Мы группами следовали из бани под охраной всего лишь одного конвойного в лагерь. Когда ворота лагеря открылись, мне показалось, что мы входим в парк. Вокруг собралось много-много японцев и поменьше немцев. Все с нескрываемым любопытством уставились на нас. Ну конечно, мы же настоящие шпионы! К нам и подходить нельзя. Широкая асфальтированная дорожка проходила через лагерь от самых ворот, разделяя лагерную территорию надвое. Как выяснилось, в центре лагеря эта дорожка пересекалась с еще одной, такой же. То есть лагерь был разбит на четыре огромных квадрата, отделенных друг от друга колючей проволокой. Из одного квадрата в другой можно было попасть только через проходную, охраняемую солдатом. Здесь в этом квадрате размещались военнопленные. Второй квадрат включал пищеблок, кладовые и другие хозпостройки. В третьем квадрате предстояло разместить нас, «шпионов». Последний, четвертый квадрат отличался красивыми старыми деревьями и прекрасно ухоженными садами. Вот туда нас и вели.

Миновав множество красивых клумб и газонов, мы приблизились к солидному одноэтажному дому, который явно знавал лучшие времена. В саду и перед домом сидели люди, одетые в белье и больничные халаты. Главным образом японцы, но были и европейцы. Мы удивленно, молча разглядывали этот госпиталь. Больше года мы не видели ничего, кроме полуразвалившейся рухляди. Здесь же все говорило о том, что это действительно медицинское учреждение, оборудованное по всем правилам. Из входной двери показался европеец, секунду или две он смотрел на нас и подошел к нам, немцам.

– Вы – немцы, если не ошибаюсь? – спросил он. – Я – старший врач госпиталя. Меня зовут Мекки. – И, хитровато подмигнув, негромко добавил: – Руководство лазаретом доверено немцам. И санитары тоже немцы. Так что окажем вам всю возможную помощь. Пойдемте со мной! Тогда не придется долго ждать. Там вас комиссуют.

– Что значит комиссуют? – спросил Райзер.

Мекки удивленно взглянул на него:

– А вас что, разве никогда не осматривала врачебная комиссия? Здесь это происходит раз в месяц.

– С тех пор как я в тюрьме, я ни разу не видел врача, – ответил Райзер.

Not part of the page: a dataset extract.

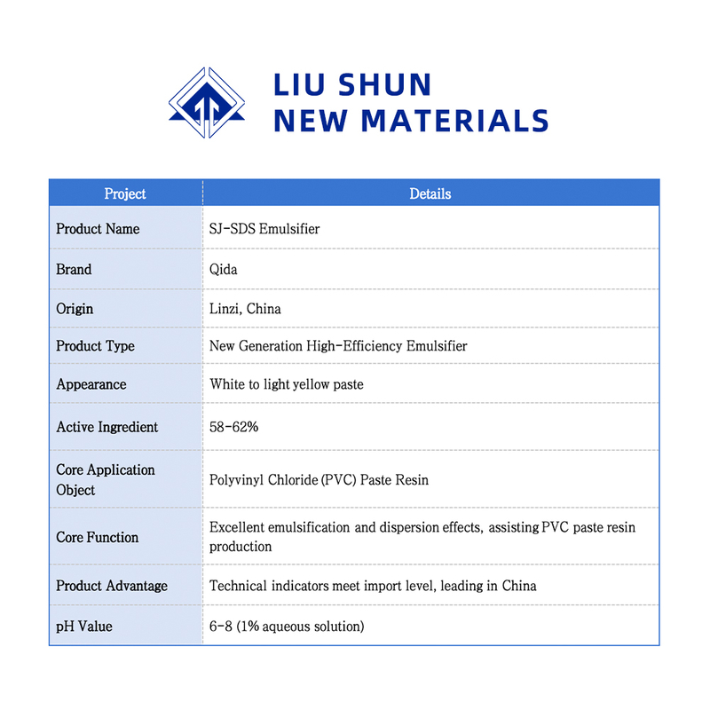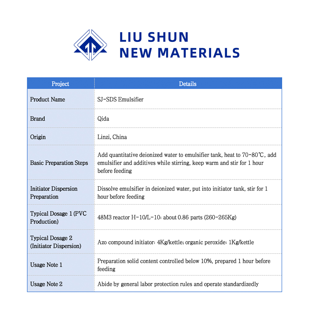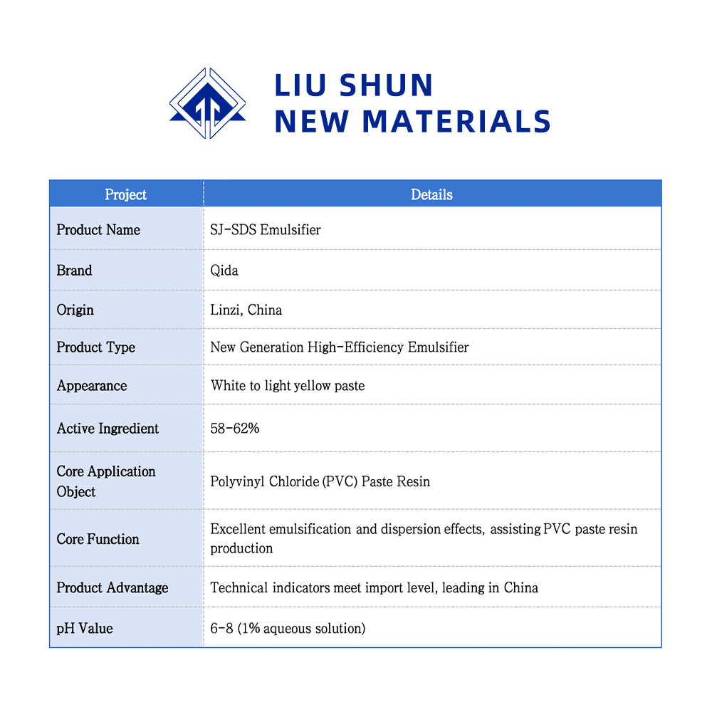 SJ-SDS is a new-generation high-efficiency emulsifier with excellent emulsification and dispersion performance. It is widely used in the production process of PVC paste resin, where its technical specifications match or even surpass those of imported products. Currently, it stands as the most advanced emulsifier for PVC paste resin in China.

– По вам это видно, – признался Мекки. – Сейчас вы увидите с полдесятка врачей. Немцев среди них нет. Только японцы. Но они тоже неплохие. С ними можно работать.

Мекки зашагал впереди нашей маленькой колонны, и мы через вестибюль и длинный коридор вошли в большое пустое помещение.

– Ну а теперь помните о том, что я вам говорил, – шепнул он нам, когда замыкающий нашу колонну заключенный закрыл за собой дверь.

– Главврач Антонова осмотрит вас. Она русская, обычная женщина, не монстр, и очень хорошо относится к немцам. Не выражайтесь и ведите себя так, будто свихнулись от голода. Если кого-нибудь из вас занесут в категорию «Дистрофия 2», он останется в госпитале. А в госпитале жизнь, о которой вы и мечтать не могли. Говорите, что у вас приступы головокружения и что трудно ходить и поднимать руки. Ясно? Отекшие ноги показывать сразу же! Это удваивает шансы оказаться в госпитале. А вообще постарайтесь походить на идиотов. Ну, раздевайтесь же, чего ждете? А вот она вас уже ждет. Трусы можно не снимать. Она их сама снимет, если понадобится, когда вы перед ней предстанете. Чего вы так на меня уставились? Антонова вас не сглазит. Вас и так уже сглазили, без нее. Ох, ну и компания несчастных! – вздохнул Мекки.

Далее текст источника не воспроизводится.